UK votes to leave EU — the wood and the trees

Author Toby Shelley

Front-month Ice Brent is down some 5pc today, with product barge prices in northwest Europe trotting along behind. But look at a graph of Ice Brent prices over the last year and the move is lost in the broad falling trend of 2015 and the rising trend of 2016, emphasising that the UK vote to leave the EU is not a cataclysm, for now at any rate.

Front-month Ice Brent is down some 5pc today, with product barge prices in northwest Europe trotting along behind. But look at a graph of Ice Brent prices over the last year and the move is lost in the broad falling trend of 2015 and the rising trend of 2016, emphasising that the UK vote to leave the EU is not a cataclysm, for now at any rate.

BP and Shell saw their share prices fall but, again, look at a one-year or six-month graph and it is just another blip. Both majors issued calming statements, with BP saying that staff and office locations would not be affected and pointing out that “it is far too early to understand the detailed implications” of the vote.

It is the wood not the trees that matter. For oil markets clawing their way out of a period of supply overhang with the help of strong demand growth last year and decent demand growth this year and forecast for next, the question is whether the UK electorate’s decision will trigger a slowdown in European or global GDP growth that could imperil oil demand growth and, hence, market rebalancing.

For now, on the dollar-denominated crude and products markets, it is business as usual. Traded volumes of fuel in the German market are expected to be up on the price fall. Some London brokers were more interested in the boost to their commissions from sterling’s fall. And the tanker market sails on regardless, as the Worldscale rate is based on the dollar.

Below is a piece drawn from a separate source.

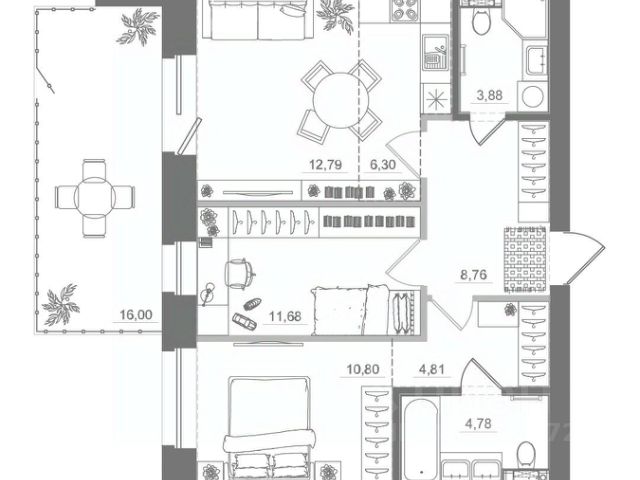Квартира теплая, светлая, окна выходят не на подъезд. Высокий первый этаж, просторный коридор, изолированные комнаты 17,1 кв.м и 16,3 кв.м, кухня 9,4 кв.м. В квартире остается кухонный гарнитур, шкаф-купе в спальне, втроенный шкаф в коридоре, водонагреватель.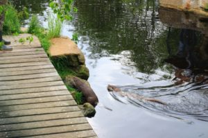 Po obědě většina z nás využila možnost projít se kolem nádherného jezírka. Počasí nám přálo, tak někteří z nás chytli i trochu bronzu. Po odvolání poplachu, že se ztratil pejsek Fridolín, jsme mohli vyrazit ještě o kousek dál, opět do neznámého cíle. Cesta tentokrát netrvala dlouho, po chvilce jsme zastavili v malebném Schremsu, kde pro nás Alena zařídila prohlídku v místním Centru podvodního světa. Moc jsme nevěděli, co si pod tím představit. Uvítaly nás prostory s houpací sítí, modely, živými expozicemi i hračkami a obřími akvárii. Pod mikroskopem jsme si mohli prohlédnout různé vodní potvůrky, i když při promítání v mikrokině, doprovázeném odborným výkladem, už někteří potřebovali sem tam probudit. Ovšem druhá, venkovní část prohlídky, nás zase osvěžila, protože začalo trochu pršet.

Parochially, the oil and gas industry in the UK will be weighing up potential pluses and minuses for the upstream. If the pound stays weak, many costs will fall, potentially making developments more attractive. But will the industry be able to retain skilled labour? Will Scotland seek a second referendum on independence?

The complexity of these issues is nothing to those that other parts of the energy complex may face in the coming months and years. Will the UK opt out of the biofuels mandate? If so, the UK would no longer have any meaningful role in the European market and that market would be likely to suffer from yet further fragmentation.

The carbon price floor in the UK limits the impact of EU emissions trading scheme (ETS) price falls there, but in Germany — where the ETS feeds more directly into power prices — falling allowance prices are important. So, today’s initial 10pc price fall will be an immediate concern, but the structure of a future market will be an abiding worry. Will the UK stay within the ETS? Will it seek a linkage deal like Norway and Iceland? Will it tear the whole thing up and return the remnants of British industry to the days of dark, satanic mills?

Premium biomass pellet producers in the UK are rubbing their hands today at the prospect of an export boost. But, in the medium-term, market participants are wondering whether the vote will render the EU inquiry into the Drax CFD subsidy for its coal-to-biomass unit irrelevant. And what will happen to compliance with the renewable energy directive?

Today, there are many more questions than answers.